*EXERCISE DESCRIPTION:*
Please return exactly the lines from the beginning of the listing up to and including the line with "学信网:这个的姓名是自己可以", with no pictures.

*EXERCISE DATA:*

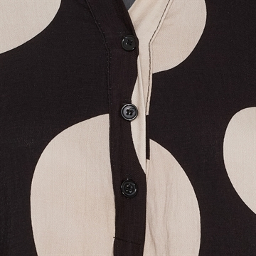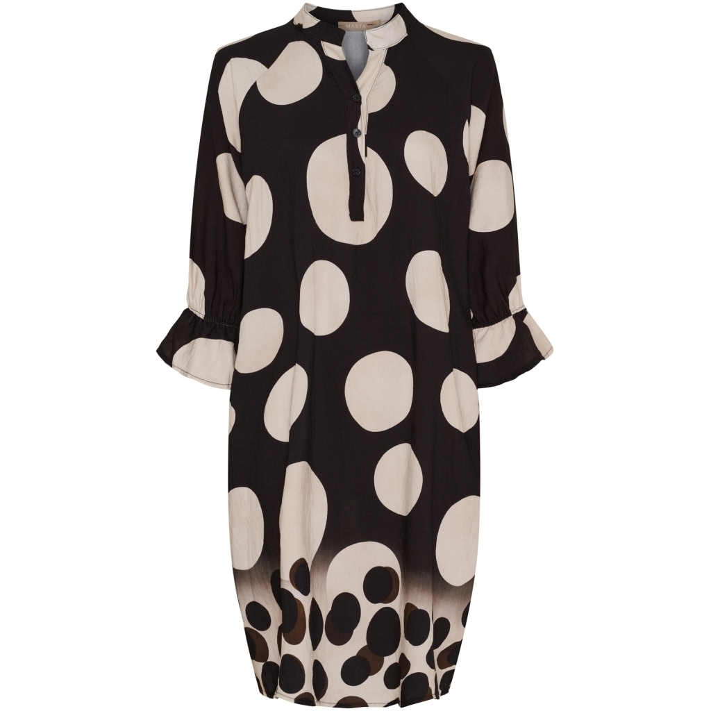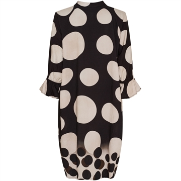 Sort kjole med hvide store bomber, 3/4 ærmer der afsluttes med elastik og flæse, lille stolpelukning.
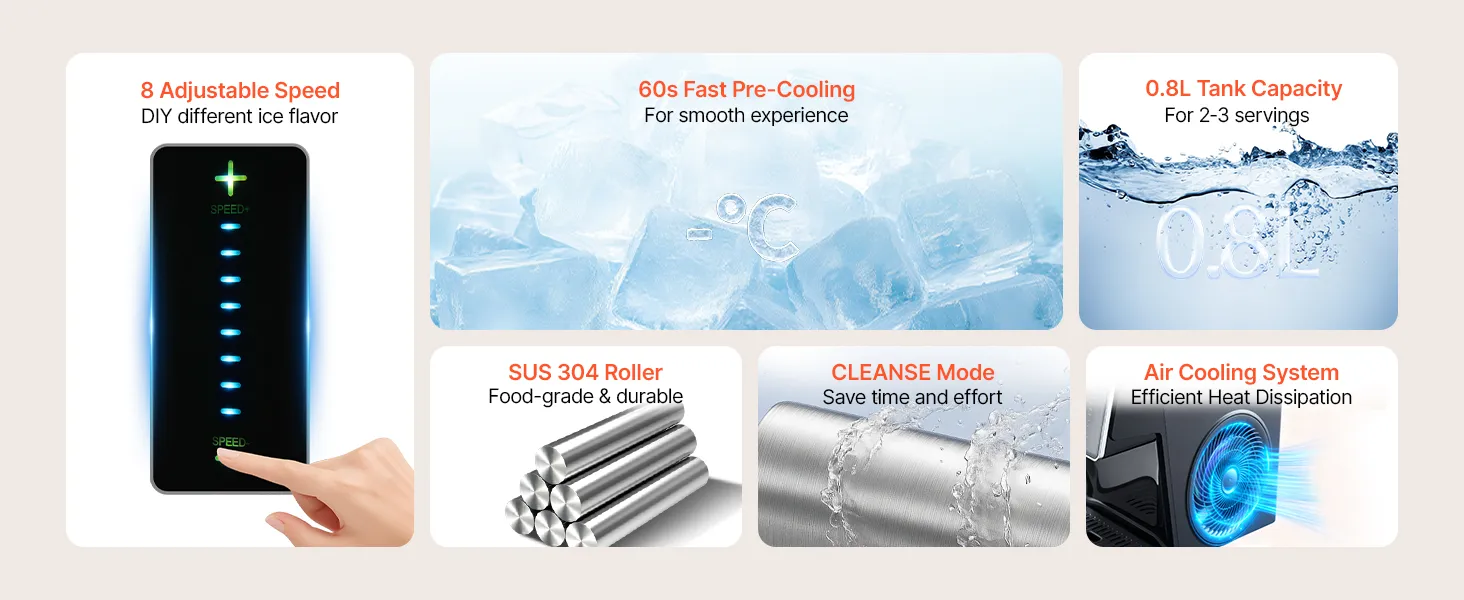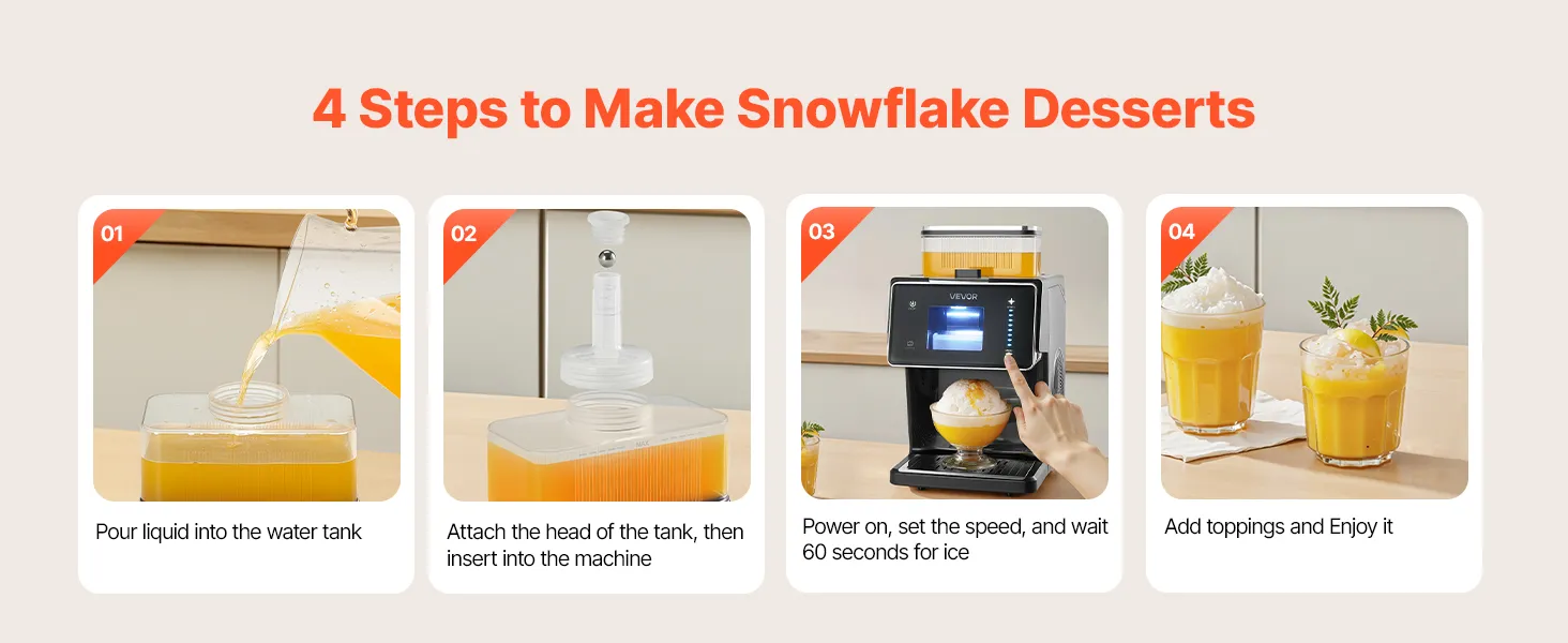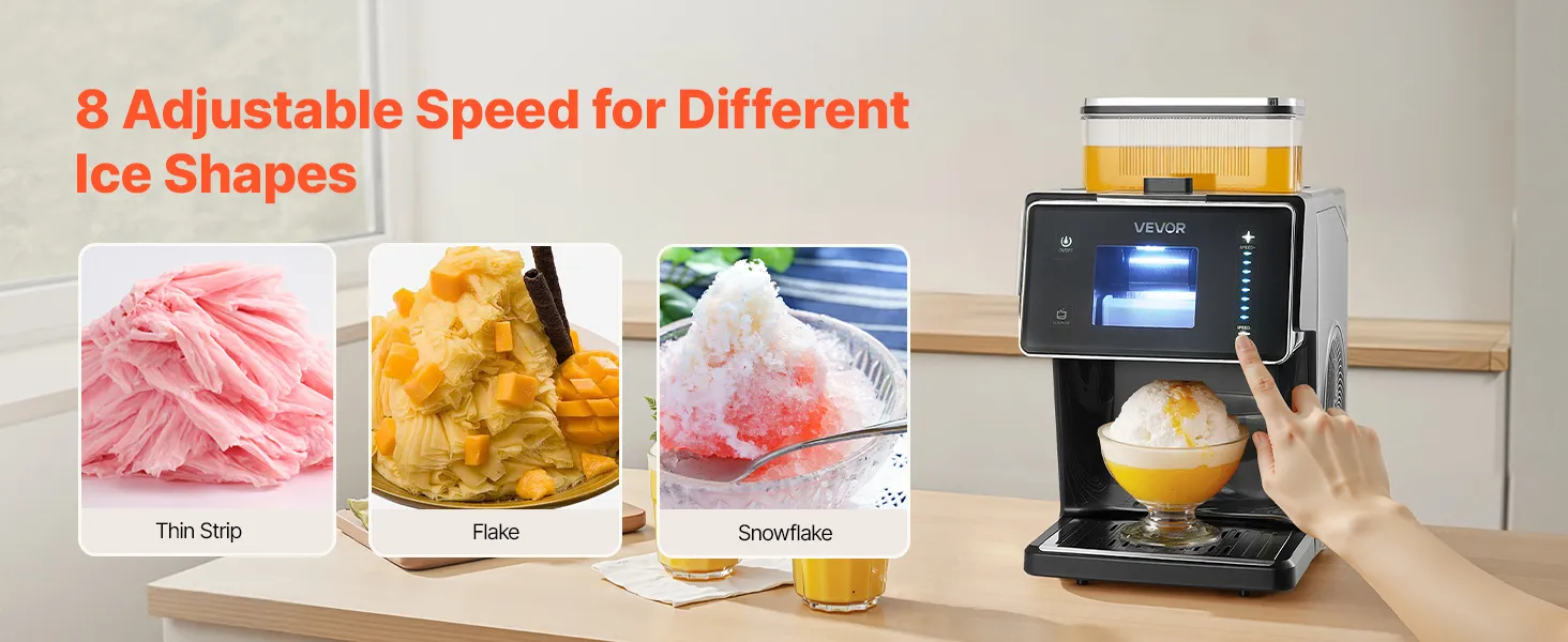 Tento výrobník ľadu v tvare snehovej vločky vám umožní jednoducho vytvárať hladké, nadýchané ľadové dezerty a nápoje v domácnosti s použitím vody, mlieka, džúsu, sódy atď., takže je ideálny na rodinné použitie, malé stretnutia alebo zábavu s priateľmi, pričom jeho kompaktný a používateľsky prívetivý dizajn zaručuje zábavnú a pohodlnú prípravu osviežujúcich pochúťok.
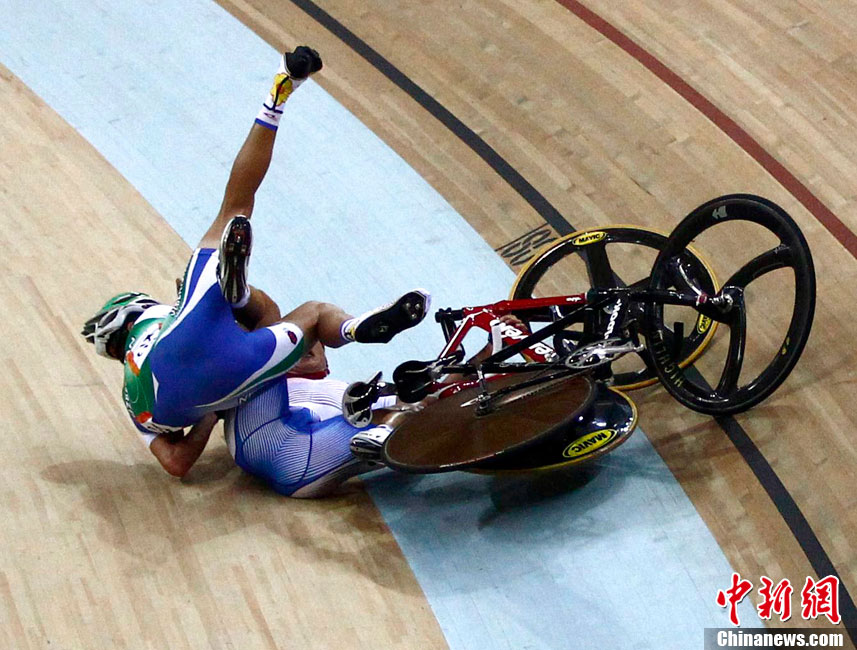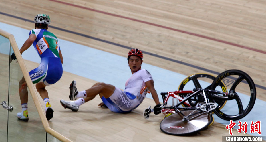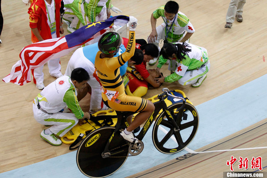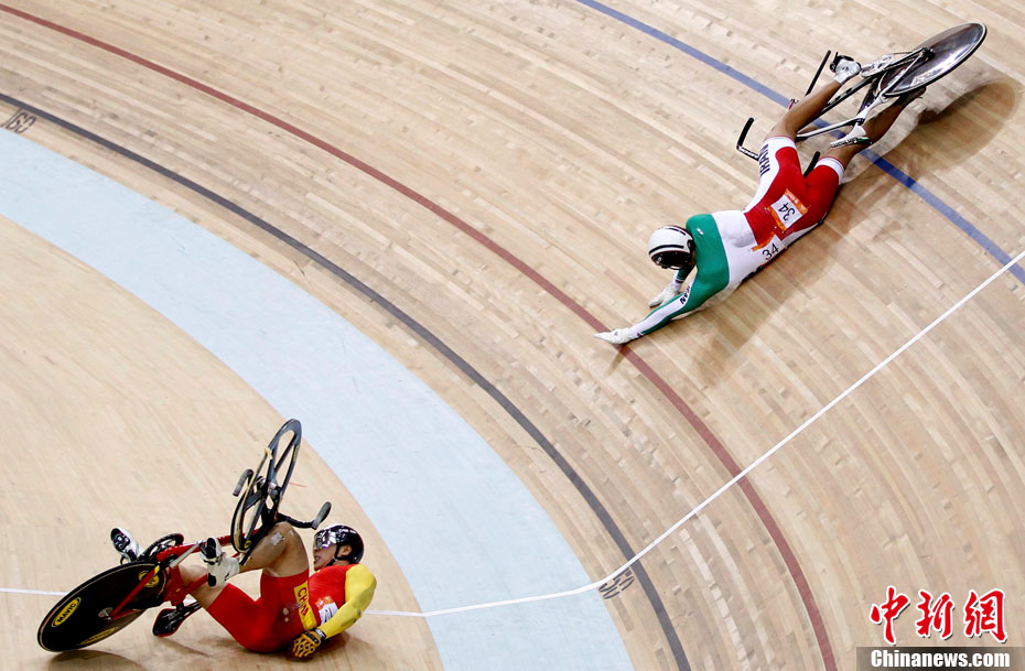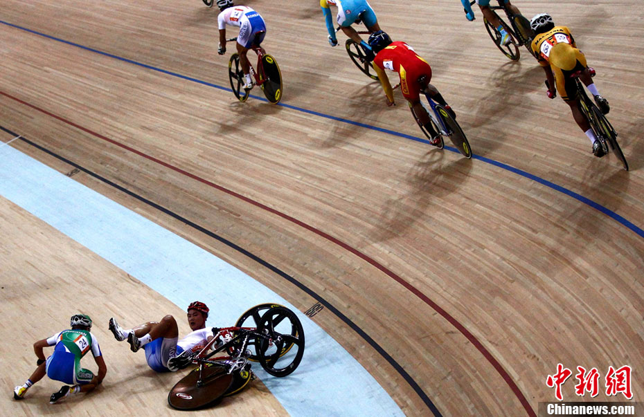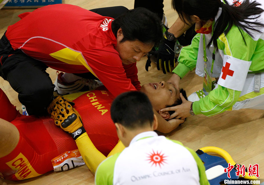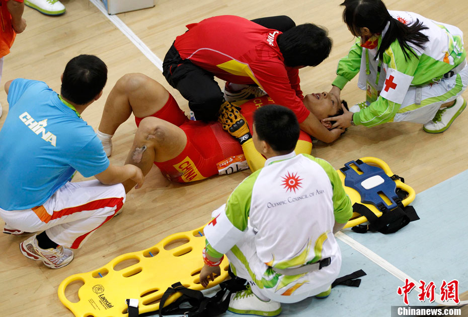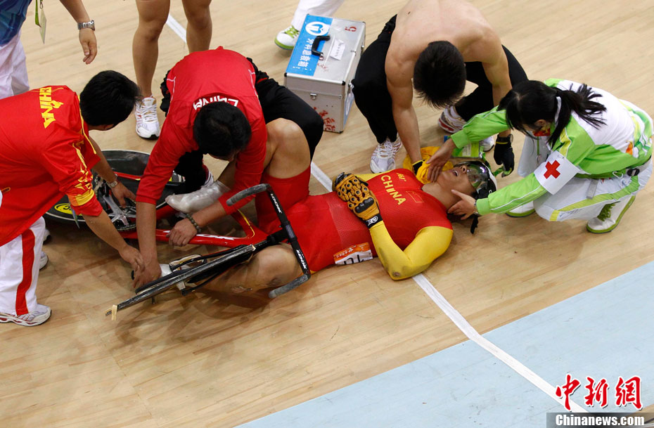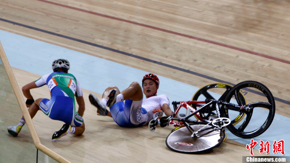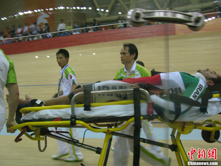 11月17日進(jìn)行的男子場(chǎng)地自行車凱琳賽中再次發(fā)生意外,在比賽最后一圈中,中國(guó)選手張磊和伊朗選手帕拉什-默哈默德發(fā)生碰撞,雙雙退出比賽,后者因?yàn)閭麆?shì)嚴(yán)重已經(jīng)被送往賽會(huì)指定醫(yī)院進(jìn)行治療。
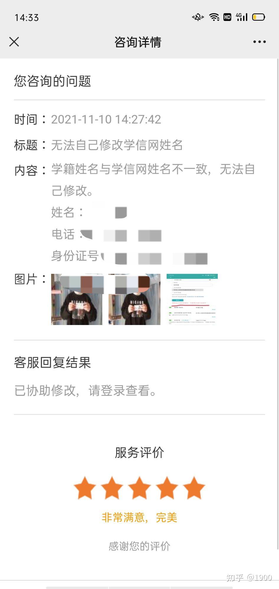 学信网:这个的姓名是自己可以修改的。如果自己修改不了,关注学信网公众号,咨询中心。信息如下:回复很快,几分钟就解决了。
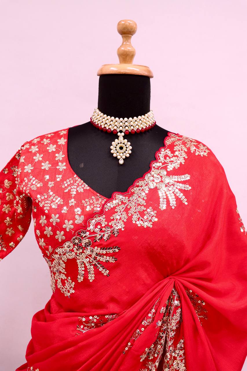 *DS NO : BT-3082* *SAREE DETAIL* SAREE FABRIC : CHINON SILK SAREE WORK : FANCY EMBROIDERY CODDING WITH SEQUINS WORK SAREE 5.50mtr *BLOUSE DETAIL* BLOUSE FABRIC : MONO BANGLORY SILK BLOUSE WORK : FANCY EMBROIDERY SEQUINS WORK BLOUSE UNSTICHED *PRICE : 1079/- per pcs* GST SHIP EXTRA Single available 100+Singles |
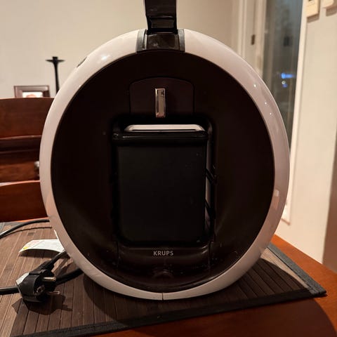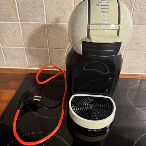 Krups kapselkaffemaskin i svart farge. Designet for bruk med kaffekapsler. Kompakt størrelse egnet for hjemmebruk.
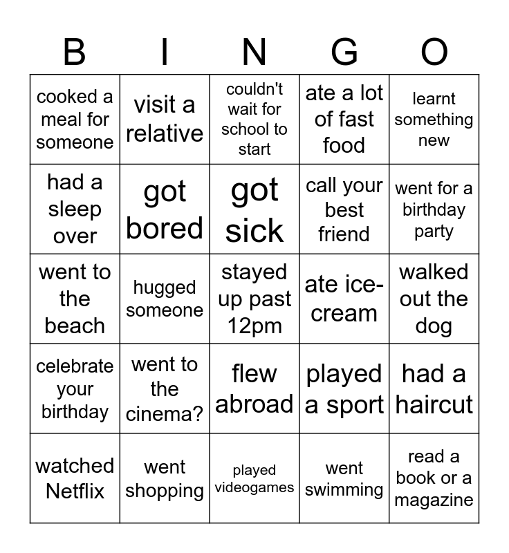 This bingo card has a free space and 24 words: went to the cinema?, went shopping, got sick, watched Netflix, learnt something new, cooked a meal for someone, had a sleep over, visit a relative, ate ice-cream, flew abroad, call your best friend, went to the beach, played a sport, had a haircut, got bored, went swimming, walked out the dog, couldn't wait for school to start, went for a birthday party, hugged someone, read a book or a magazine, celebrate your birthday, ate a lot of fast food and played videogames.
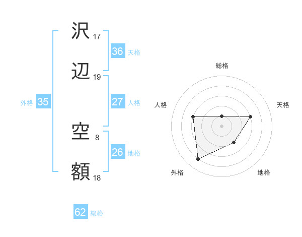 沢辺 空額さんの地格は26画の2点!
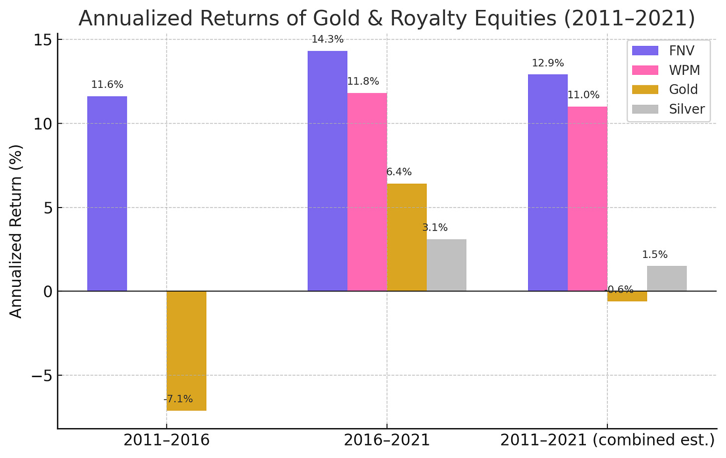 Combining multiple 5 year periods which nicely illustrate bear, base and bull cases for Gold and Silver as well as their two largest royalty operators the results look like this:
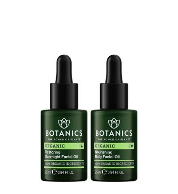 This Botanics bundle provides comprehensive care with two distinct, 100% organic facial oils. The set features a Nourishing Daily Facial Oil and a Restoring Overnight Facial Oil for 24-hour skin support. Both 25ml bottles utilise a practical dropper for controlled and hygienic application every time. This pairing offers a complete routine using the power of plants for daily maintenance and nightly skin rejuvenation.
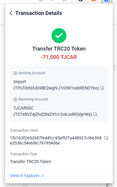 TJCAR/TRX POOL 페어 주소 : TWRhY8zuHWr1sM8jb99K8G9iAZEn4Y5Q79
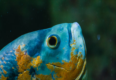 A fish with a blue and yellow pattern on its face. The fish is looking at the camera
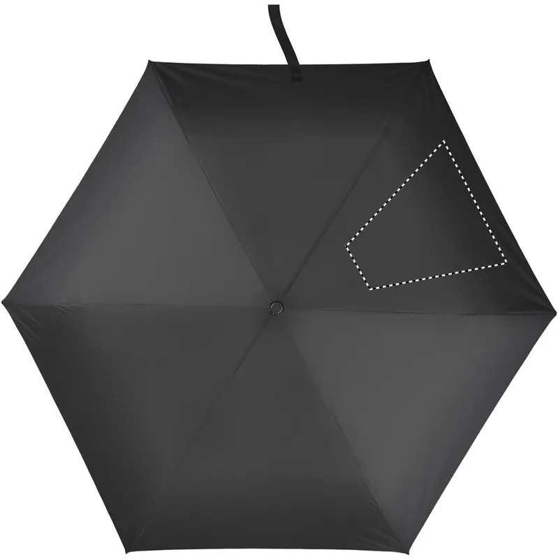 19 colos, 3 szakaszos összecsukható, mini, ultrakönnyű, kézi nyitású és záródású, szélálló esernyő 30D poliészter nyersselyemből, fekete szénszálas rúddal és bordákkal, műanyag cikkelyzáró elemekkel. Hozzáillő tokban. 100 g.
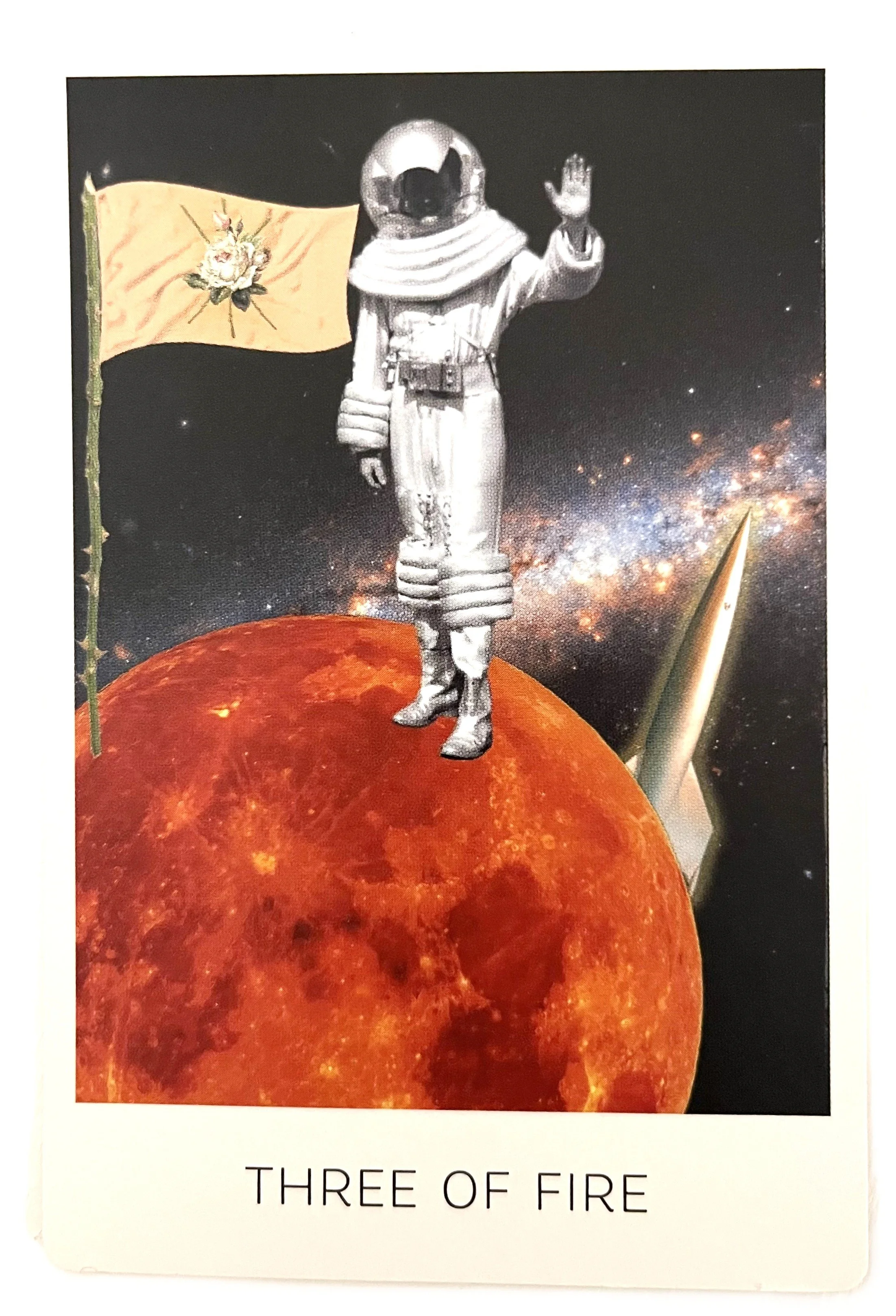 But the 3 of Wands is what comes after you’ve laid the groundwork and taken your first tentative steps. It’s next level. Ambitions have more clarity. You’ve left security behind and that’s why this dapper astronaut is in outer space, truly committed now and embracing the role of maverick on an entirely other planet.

*TASK SOLUTION:*
 Sort kjole med hvide store bomber, 3/4 ærmer der afsluttes med elastik og flæse, lille stolpelukning.
 Tento výrobník ľadu v tvare snehovej vločky vám umožní jednoducho vytvárať hladké, nadýchané ľadové dezerty a nápoje v domácnosti s použitím vody, mlieka, džúsu, sódy atď., takže je ideálny na rodinné použitie, malé stretnutia alebo zábavu s priateľmi, pričom jeho kompaktný a používateľsky prívetivý dizajn zaručuje zábavnú a pohodlnú prípravu osviežujúcich pochúťok.
 11月17日進(jìn)行的男子場(chǎng)地自行車凱琳賽中再次發(fā)生意外,在比賽最后一圈中,中國(guó)選手張磊和伊朗選手帕拉什-默哈默德發(fā)生碰撞,雙雙退出比賽,后者因?yàn)閭麆?shì)嚴(yán)重已經(jīng)被送往賽會(huì)指定醫(yī)院進(jìn)行治療。
 学信网:这个的姓名是自己可以修改的。如果自己修改不了,关注学信网公众号,咨询中心。信息如下:回复很快,几分钟就解决了。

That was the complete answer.